-- Working data --
BEGIN

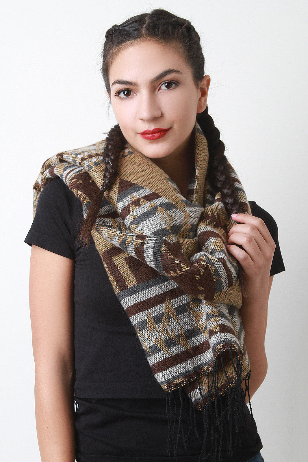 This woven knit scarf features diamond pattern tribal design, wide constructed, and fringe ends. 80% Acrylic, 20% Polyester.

END
BEGIN

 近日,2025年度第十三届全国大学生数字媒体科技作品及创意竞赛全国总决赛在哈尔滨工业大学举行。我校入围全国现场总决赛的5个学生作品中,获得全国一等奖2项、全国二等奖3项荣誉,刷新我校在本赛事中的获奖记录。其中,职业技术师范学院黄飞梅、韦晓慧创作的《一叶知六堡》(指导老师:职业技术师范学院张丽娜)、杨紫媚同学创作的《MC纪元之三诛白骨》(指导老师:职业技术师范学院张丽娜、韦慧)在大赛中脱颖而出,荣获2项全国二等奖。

END
BEGIN

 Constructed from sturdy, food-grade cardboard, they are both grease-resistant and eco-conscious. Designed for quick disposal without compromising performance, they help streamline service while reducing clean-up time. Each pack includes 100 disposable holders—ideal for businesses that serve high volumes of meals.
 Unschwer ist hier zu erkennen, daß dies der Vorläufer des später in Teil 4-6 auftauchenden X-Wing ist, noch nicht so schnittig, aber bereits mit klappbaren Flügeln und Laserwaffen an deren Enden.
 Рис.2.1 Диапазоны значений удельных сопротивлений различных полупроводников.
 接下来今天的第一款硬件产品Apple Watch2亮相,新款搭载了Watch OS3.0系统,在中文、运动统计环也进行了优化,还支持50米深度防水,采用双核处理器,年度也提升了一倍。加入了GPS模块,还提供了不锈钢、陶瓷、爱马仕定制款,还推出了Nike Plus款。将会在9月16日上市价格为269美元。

END

-- What is required --
Word for word, restate the lines of the data above that fall between the line holding "Рис.2.1 Диапазоны значений" and the line holding "接下来今天的第一款硬件产品A", inclusive, and no other lines.

-- Response --
 Рис.2.1 Диапазоны значений удельных сопротивлений различных полупроводников.
 接下来今天的第一款硬件产品Apple Watch2亮相,新款搭载了Watch OS3.0系统,在中文、运动统计环也进行了优化,还支持50米深度防水,采用双核处理器,年度也提升了一倍。加入了GPS模块,还提供了不锈钢、陶瓷、爱马仕定制款,还推出了Nike Plus款。将会在9月16日上市价格为269美元。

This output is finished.